Sexta. Constancia fehaciente de la notificación de los defectos que impiden la inscripción.

El incumplimiento de la obligación de depositar las cuentas anuales en el plazo legalmente establecido genera en el órgano de administración de la sociedad obligada la responsabilidad a que se refiere el artículo 283 de la Ley de Sociedades de Capital. Cuando el incumplimiento deriva de la imposibilidad de llevar a cabo el depósito solicitado por concurrir, a juicio del registrador mercantil, defecto que lo impide, se hace necesario llevar a cabo la notificación a que se refiere el artículo 322 de la Ley Hipotecaria, aplicable de conformidad con la previsión de la disposición adicional vigesimocuarta de la Ley 24/2001, de 27 de diciembre, de Medidas Fiscales, Administrativas y del Orden Social, que establece: «La regulación prevista en el sección 5.ª del capítulo IX bis del Título V para los recursos contra la calificación del Registrador de la Propiedad es también aplicable a los recursos contra la calificación del Registrador Mercantil y del de Bienes Muebles».

A efectos de que por la autoridad competente pueda instruirse adecuadamente el expediente sancionador, resulta preciso que el registrador mercantil que haya llevado a cabo la notificación del defecto o defectos que hayan impedido la práctica del depósito de cuentas solicitado esté en condiciones de acreditar, a requerimiento del Instituto de Contabilidad y Auditoría de Cuentas, los términos en que se ha llevado a término la notificación, de conformidad con las exigencias derivadas del artículo 322 de la Ley Hipotecaria y de las contempladas en la legislación de Procedimiento Administrativo Común de las Administraciones Públicas.

En cualquier caso, y de conformidad con el régimen de notificaciones previsto en la legislación de Procedimiento Administrativo Común de las Administraciones Públicas, la acreditación de la notificación efectuada se incorporará al expediente, a efectos de que el registrador mercantil pueda certificar a requerimiento del Instituto de Contabilidad y Auditoría de Cuentas, autoridad competente para instruir el expediente sancionador, de conformidad con el artículo 283 de la Ley de Sociedades de Capital.

Séptima.
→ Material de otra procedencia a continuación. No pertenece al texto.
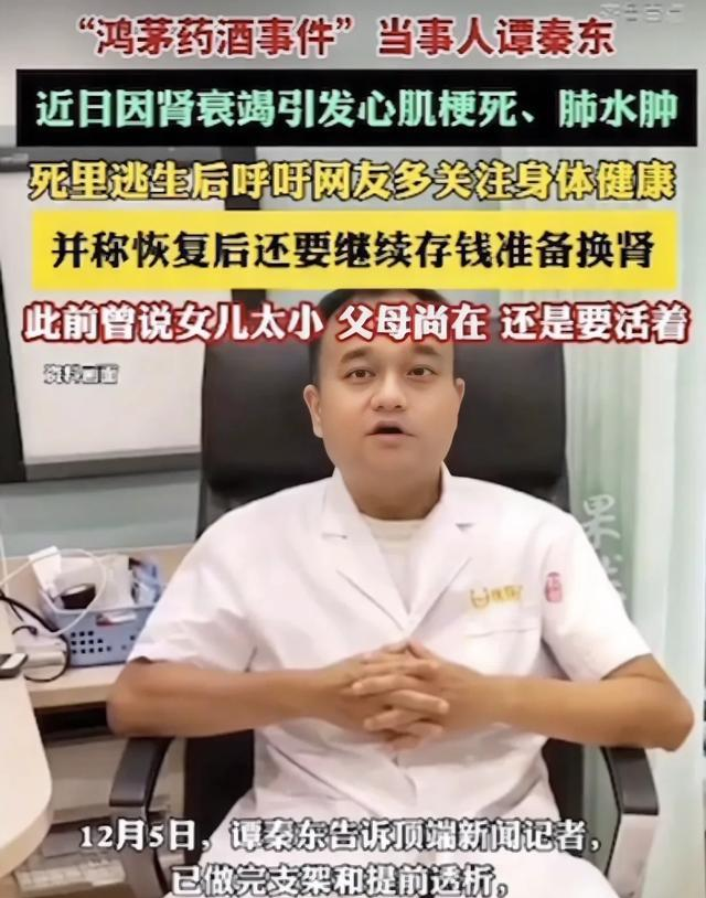 谭秦东,近日,因肾衰竭引发心肌梗死,谭秦东险些命丧病床。然而,这位曾经站在风口浪尖的人物,此刻的回应却是:“躲过一劫,活着挺好。”
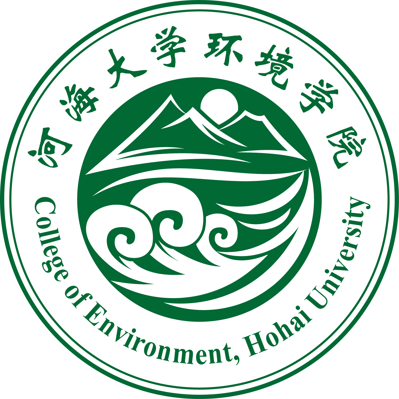 院徽外轮廓整体采用圆形,上方是学院中文名,下方是学院英文名。中间的山水和太阳表达绿水青山的生态环境,下面波浪采用体现河海特色的波浪,也代表着环境人勇立潮头、敢为人先的精神。
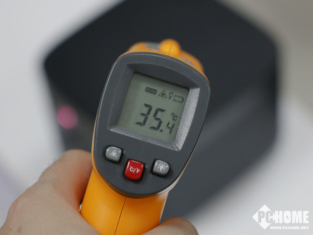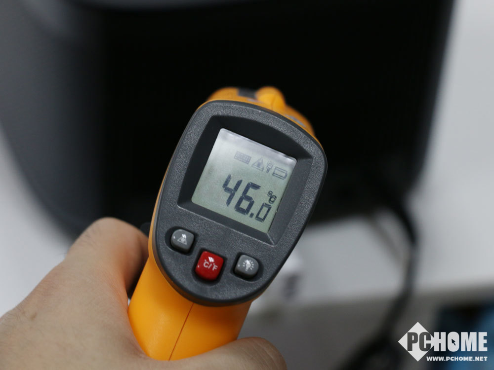 通过热感枪测试在半个小时的使用之后,极米H3前端位置温度在35度左右,后方的散热出风区域温度在46度左右,且散热的噪音较低,在日常的使用中基本可以忽略不计,效果还是值得肯定的。
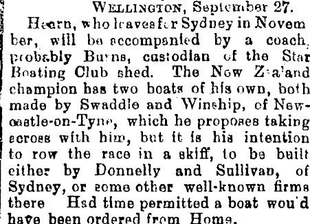 j Wellington, September 27. Hfarn, Ttholcavesfcr Sydney inJfovetn ber, will b« pccompanled by a coach.. prob&bly Buvns, custodian of the Star Boating Club ehed. The Now Za'and champion has two boat* of hfs own, both I made by Swaddle and Winship, of N6vr-oaatle-on-Tyru-, which he proposes taking ecross with him, but it is hia intention to row the race m a skiff, to be built cither by Donnelly and Sullivan, of Sydney, or come other well-known firms there Had time permitted a boat wou'd have been ordered from Horns.

Entrada en vigor.

La presente Instrucción entrará en vigor el día siguiente al de su publicación en el «Boletín Oficial del Estado».

No obstante, las instrucciones primera, cuarta y quinta entrarán en vigor el día 17 de junio de 2016, fecha de entrada en vigor, con carácter general, de la Ley 22/2015, de 20 de julio, de Auditoría.

Madrid, 9 de febrero de 2016.–El Director General de los Registros y del Notariado, Francisco Javier Gómez Gálligo.